January 20 – I’m Fickle – Part Two

            The other part of my fickleness is the “I just don’t care anymore” syndrome.  I get this a lot.  It comes from the value I place on my time.  As I go through life, I often think about where my time goes.  What do I want to spend my time doing?  If I feel that something is wasting my time, I dump it. 

            Take books.  If I do not get engaged in a book by page 100, I am not spending any more time on it.  I have stopped reading many famous books that are considered great works of art that I find tedious.  Usually the conversation in my head goes, do I really care about these characters?  If I don’t, then forget it.  If the writer can’t get me interested in 100 pages, then we have a problem.  

            I have said goodbye to numerous t.v. shows for lack of caring.  I will start watching and after a season or two, I just say, I’m done with this.  I have lost interest.  “Frankie and Grace” and “Schitt’s Creek” come to mind.   

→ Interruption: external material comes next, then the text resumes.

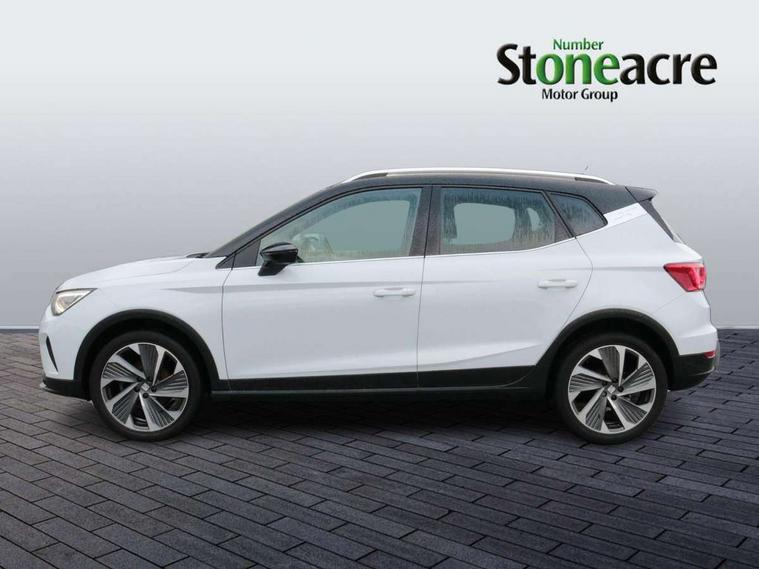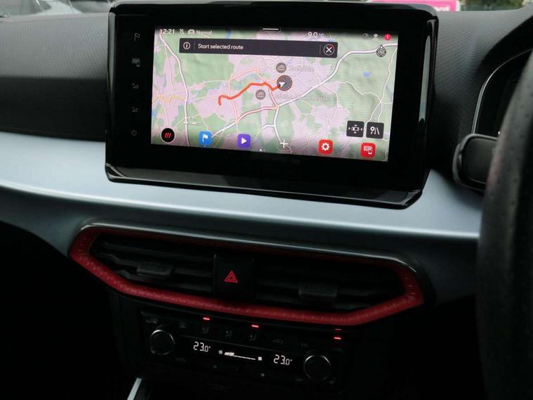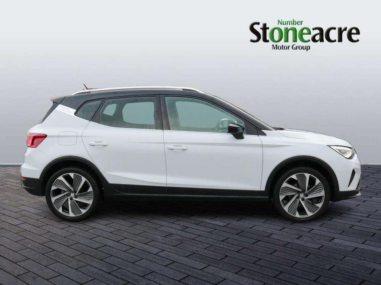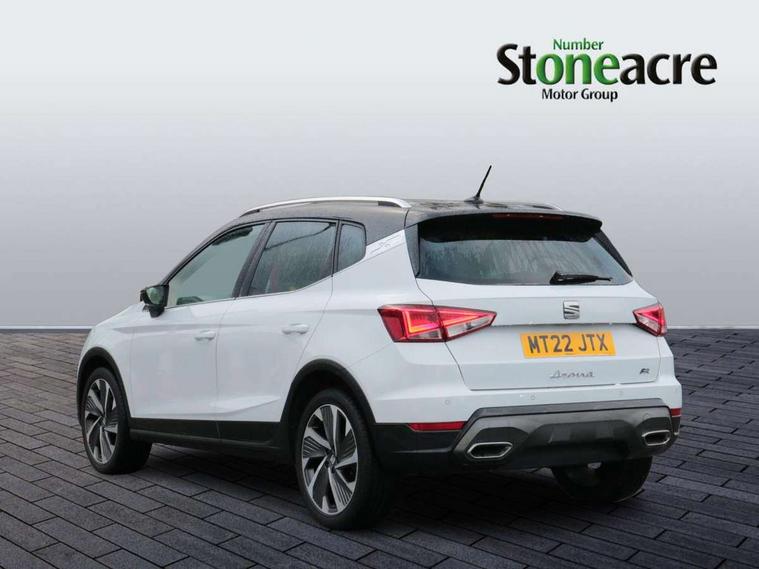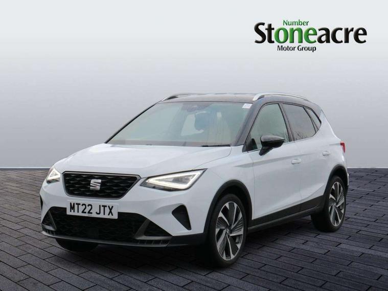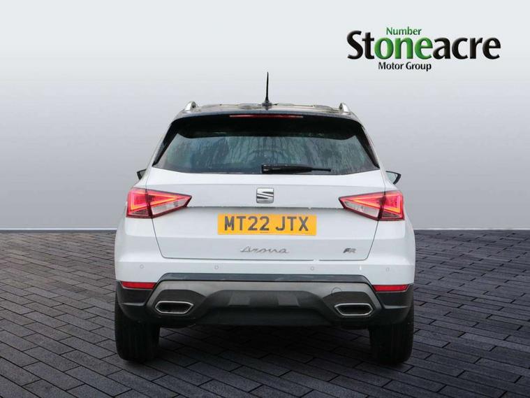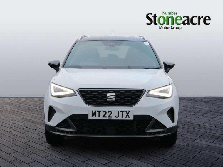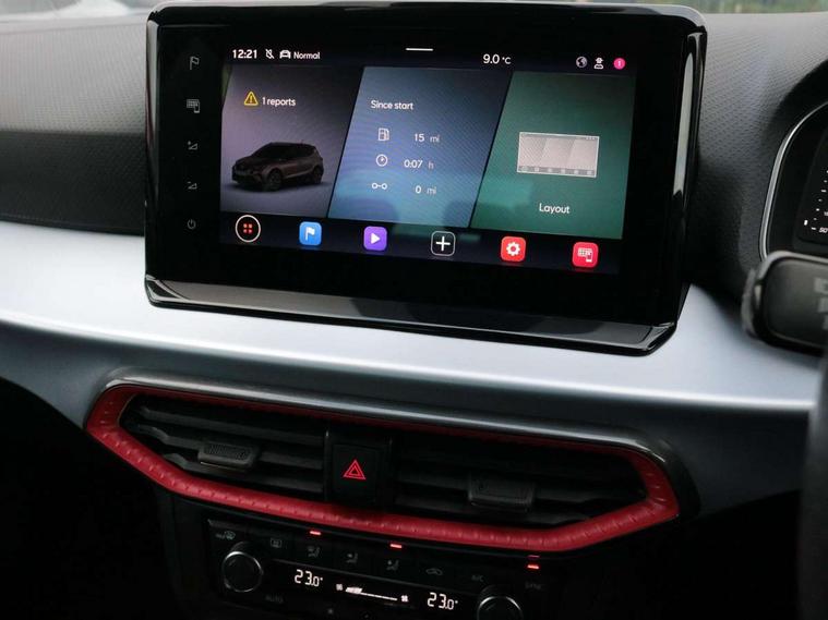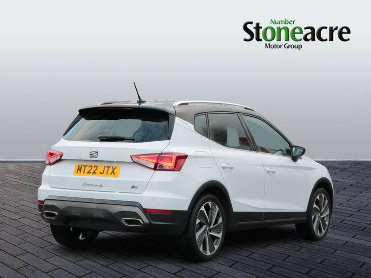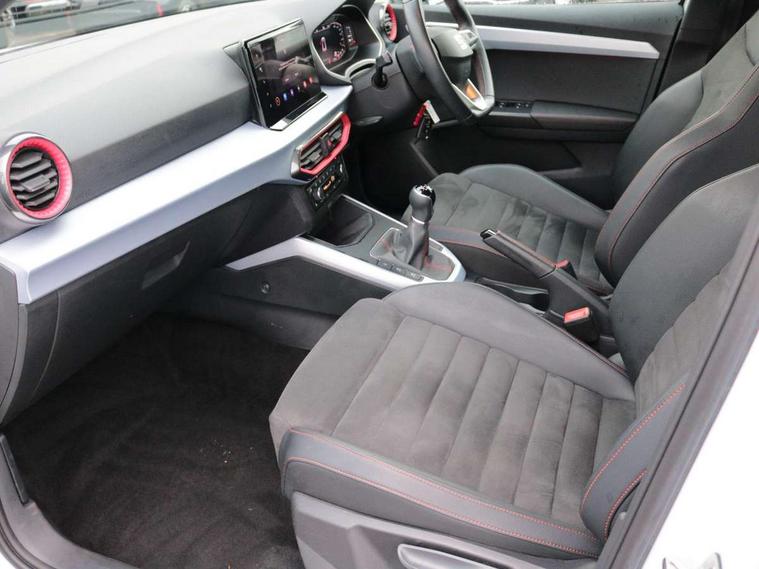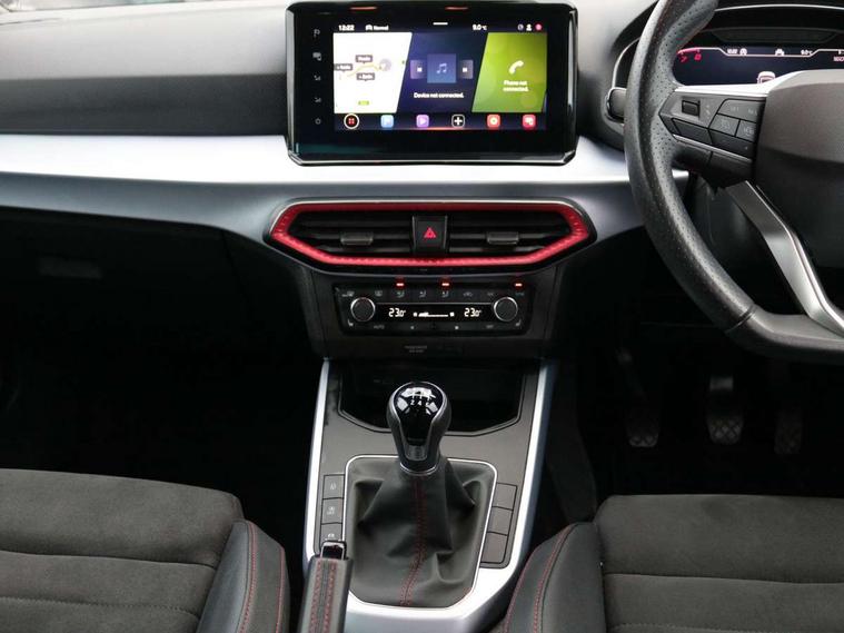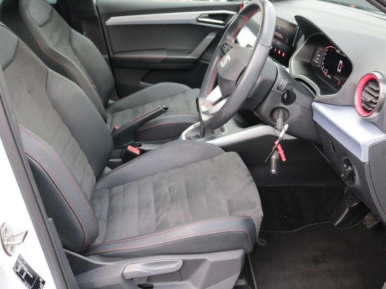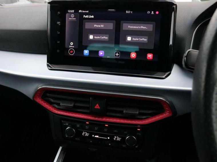 Digital cockpit, E-call, Electric speed sensitive power steering, Full Link Smartphone Integration with Mirror Link, Apple Car Play, Google Android Auto with USB Type C cable for Apple and Android compatibility, Lane keeping system, Rear parking sensor, Seat connect with safety, service, remote and online, SEAT Drive profile - Four different models normal-sport-eco-individual, steering response, throttle response, Bluetooth interface for hands free and audio streaming, DAB digital radio and AM/FM radio, Steering wheel mounted audio controls, Anti theft roof antenna, Auto dimming interior rear view mirror, Automatic activation of hazard warning lights, Body coloured bumpers, Body coloured door handle inserts, Chrome roof rails and window surrounds, Chrome window trim, Dark tinted rear windows, Electric front/rear windows, Electrically adjustable, heated and folding door mirrors, FULL LED automatic headlights with dynamic headlight range control, coming and leaving home, LED daytime running lights, LED rear tail lights and licence plate lights, Protective side mouldings, Rain sensing wipers, Rear side wing doors, Rear spoiler, Rear window wash/wipe, Roof colour door mirrors, Third brake light, Twin exhaust pipe styling hidden exhaust pipe, Visible VIN plate, Windshield wiper with intermittent control and potentiometer, 2 cupholders, 3 seat bench in 2nd row, 60/40 split folding rear seat, Aircare filter, Black interior roof, Double boot floor, Driver sunvisor with covered mirror + card holder, Dual zone climate control, Front courtesy light with 2x front and 2x rear reading lights, Front seat back storage pockets, Front sport seats, Heated front seats, Height adjustable front seats, Height/reach adjustable steering column, Illuminated boot, Interior ambient lighting, Interior light in footwell, central console and door panel, ISOFIX points in outer rear seats with top tether anchorage points, Microsuede cloth upholstery, Passenger sunvisor with vanity mirror, Perforated flat bottomed leather steering wheel/gear knob/handbrake with red stitching and FR logo, Single front passenger seat, Two front and three rear height adjustable headrests, Connectivity pack plus - Arona, Interior chrome pack - Arona, 3 point seatbelts on all rear seats, ABS, Active front headrests, Child locks on rear doors, Driver and front passenger airbags with front passenger airbag de activation, front side and curtain airbags, Electronic stability control, Emergency Brake Assist (EBA) and front assist, Front and rear seatbelt reminder, Hill hold control, Multi-Collision braking, Tiredness recognition system, Traction control, Tyre pressure monitoring system, Alarm with back-up horn, Electronic engine immobiliser, Locking wheel bolts, Remote central locking + deadlocks, Tow away protection, Titan black dashboard, 18" Performance Cosmo grey matt alloy wheels,

            As you can imagine, I have no ability to follow something like the Star Wars saga.  I stopped caring a long time ago.  Sports teams come and go.  I stopped watching football in 1981 and have not missed one second of it.  Will I like the Pens forever?  Who knows?  Chances are that I will stop caring at some point.  

            Does not caring make me fickle?  It certainly is a sudden decision and my feelings do change.  But again, I have my reasons.  Why do I stop caring?   I have no idea.  I just know that my engagement has collapsed and I am moving on.  

            Matt says I don’t have the patience to let the characters develop.  Maybe.  But I have also given the benefit of the doubt to something, say a movie, and I have only wished that I had that two hours back.